Bowfer; each to their own, but i disagree on the regen setting: Once you get used to a near-one-pedal driving style, having maximum regen saves energy and, perhaps more importantly, may save a life; while the human shoe-shuffle is going from accelerator to brake, the car is already 'braking' regeneratively, so shaving a metre or few off the total stopping distance; that metre may be an errant three-year-olds head-to-bonnet contact.
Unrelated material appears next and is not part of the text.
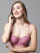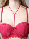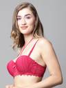 PrettyCat red balconette bra for awasome look. Padded cups to protect modesty. Crafted with exquisite self-patterned polyester & lace fabric. Underwired cups for a gentle lift. Wide set straps for broad neck outfits. Detachable straps to wear as a strapless bra or style in multiple ways. Cute bow at centre for embellishment. Triple hook & eye enclosures in bigger cups. Designed with cage-style at front. Dual strap on the back secured with hook & eye enclosures. Soft elastic at the waistband & leg openings for a snug fit. Double layered gusset for hygiene.
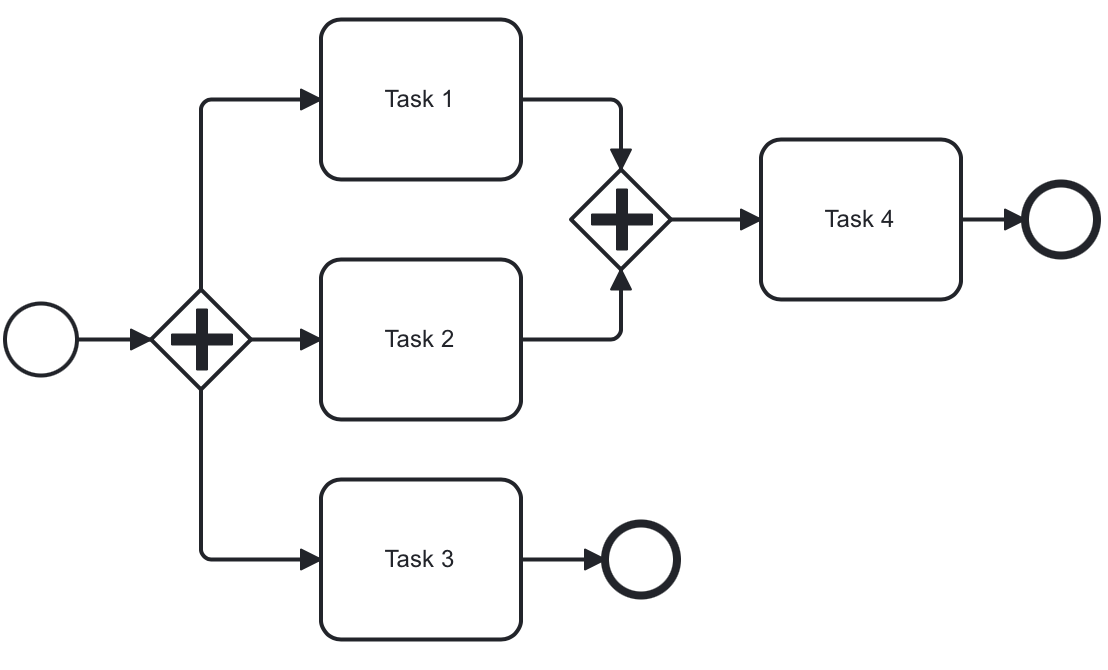 A parallel gateway (or AND-gateway) is used to split a process flow into multiple parallel paths or to merge multiple parallel paths back into a single flow.

Driving 1-p on our honda e on single-carriageway/b/c roads was delightful, why the hell anyone would want to not do that is beyond me. Big roads; yes turn it off. One of the issues many implementations may have, though, is the accelerator response algorithm: a non-linear response with a dead-zone around zero acceleration demand provides a non- kangaroo response and is easy to implement, but it's still early days for ev's yet - and the human element is the hardest bit to satisfy (lol, eh!?)
KH11: of no importance whatsoever, but remember the (current (sorry)) ev's don't have a 'gearbox' in the trad sense, just a single permanently (hopefully) fixed gear and an electric motor that just spins faster for more speed. Hope you enjoy your car; after a million miles stick-shifting, i find nothing enjoyable about the occasional step backwards to the agricultural feel of ice.